[DATA SHOWN]:

*-*-*

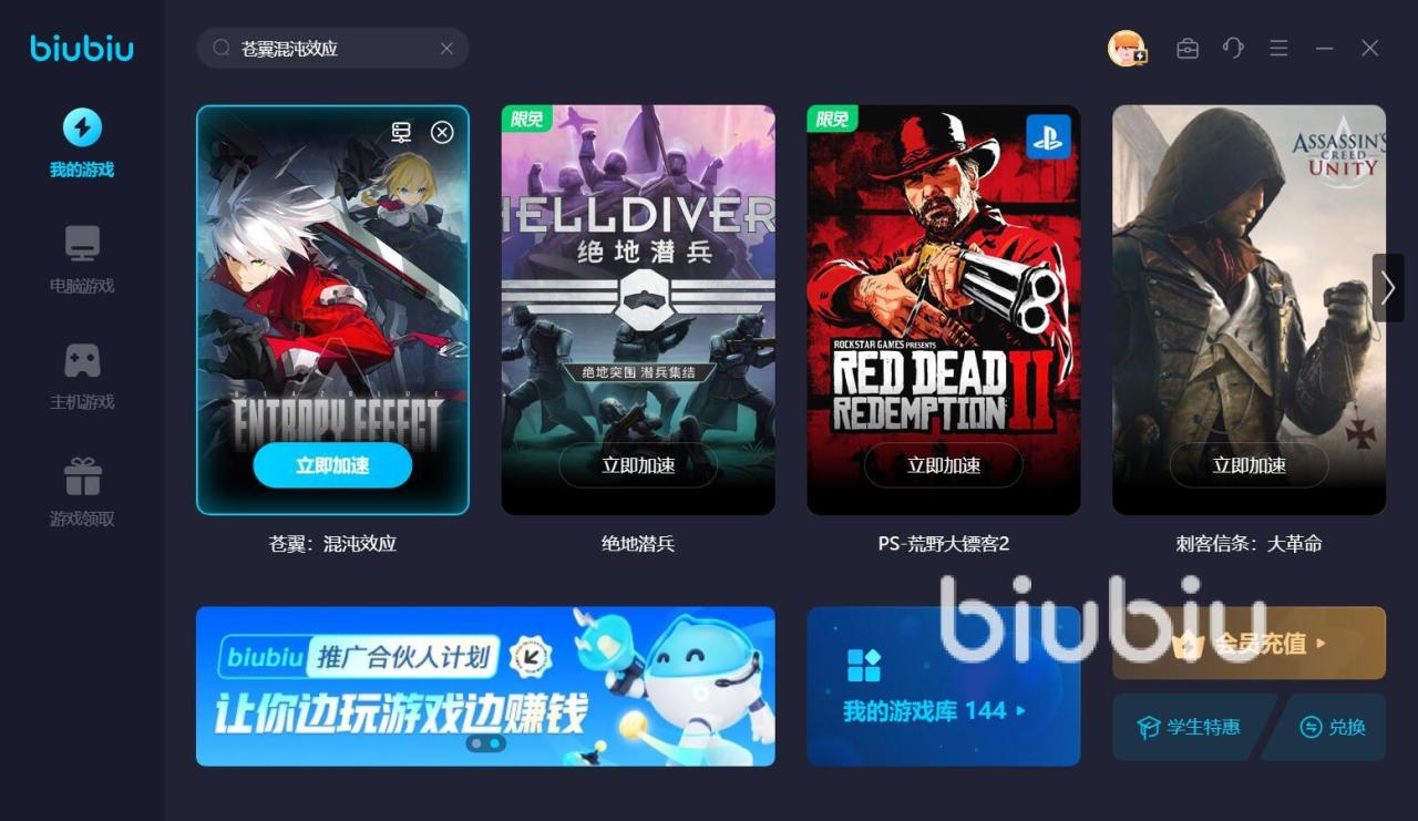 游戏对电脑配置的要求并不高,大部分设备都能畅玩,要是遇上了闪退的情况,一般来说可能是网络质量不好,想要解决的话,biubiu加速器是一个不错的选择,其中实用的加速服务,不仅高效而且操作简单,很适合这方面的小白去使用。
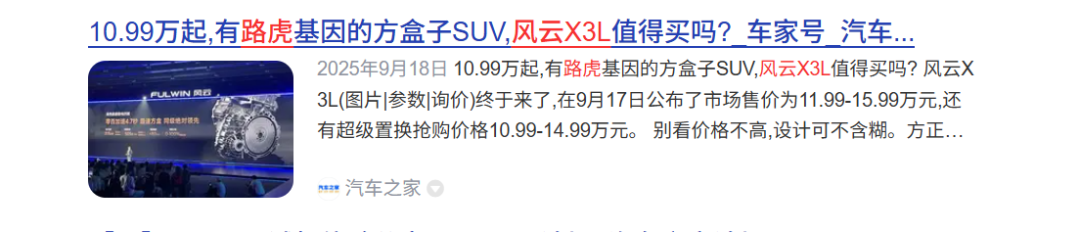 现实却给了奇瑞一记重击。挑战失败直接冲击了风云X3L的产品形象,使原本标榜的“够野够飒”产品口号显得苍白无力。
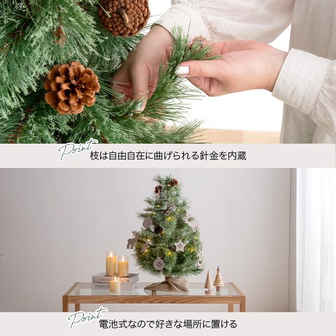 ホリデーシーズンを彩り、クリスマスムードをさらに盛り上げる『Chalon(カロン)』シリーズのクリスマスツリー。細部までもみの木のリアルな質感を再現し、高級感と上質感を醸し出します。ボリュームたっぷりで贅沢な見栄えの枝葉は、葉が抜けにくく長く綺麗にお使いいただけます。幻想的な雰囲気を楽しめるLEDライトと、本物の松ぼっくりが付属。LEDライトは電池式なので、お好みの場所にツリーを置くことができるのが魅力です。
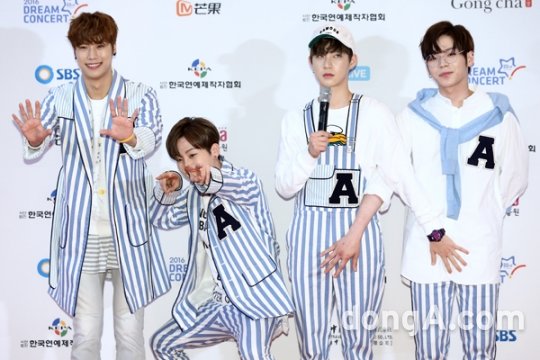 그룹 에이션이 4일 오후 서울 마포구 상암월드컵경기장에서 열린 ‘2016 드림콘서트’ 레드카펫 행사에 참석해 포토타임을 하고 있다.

*-*-*

[PROBLEM DETAILS]:
Since the pictures are not wanted, give the material again exactly without them.

[EXERCISE RESULT]:
 游戏对电脑配置的要求并不高,大部分设备都能畅玩,要是遇上了闪退的情况,一般来说可能是网络质量不好,想要解决的话,biubiu加速器是一个不错的选择,其中实用的加速服务,不仅高效而且操作简单,很适合这方面的小白去使用。
 现实却给了奇瑞一记重击。挑战失败直接冲击了风云X3L的产品形象,使原本标榜的“够野够飒”产品口号显得苍白无力。
 ホリデーシーズンを彩り、クリスマスムードをさらに盛り上げる『Chalon(カロン)』シリーズのクリスマスツリー。細部までもみの木のリアルな質感を再現し、高級感と上質感を醸し出します。ボリュームたっぷりで贅沢な見栄えの枝葉は、葉が抜けにくく長く綺麗にお使いいただけます。幻想的な雰囲気を楽しめるLEDライトと、本物の松ぼっくりが付属。LEDライトは電池式なので、お好みの場所にツリーを置くことができるのが魅力です。
 그룹 에이션이 4일 오후 서울 마포구 상암월드컵경기장에서 열린 ‘2016 드림콘서트’ 레드카펫 행사에 참석해 포토타임을 하고 있다.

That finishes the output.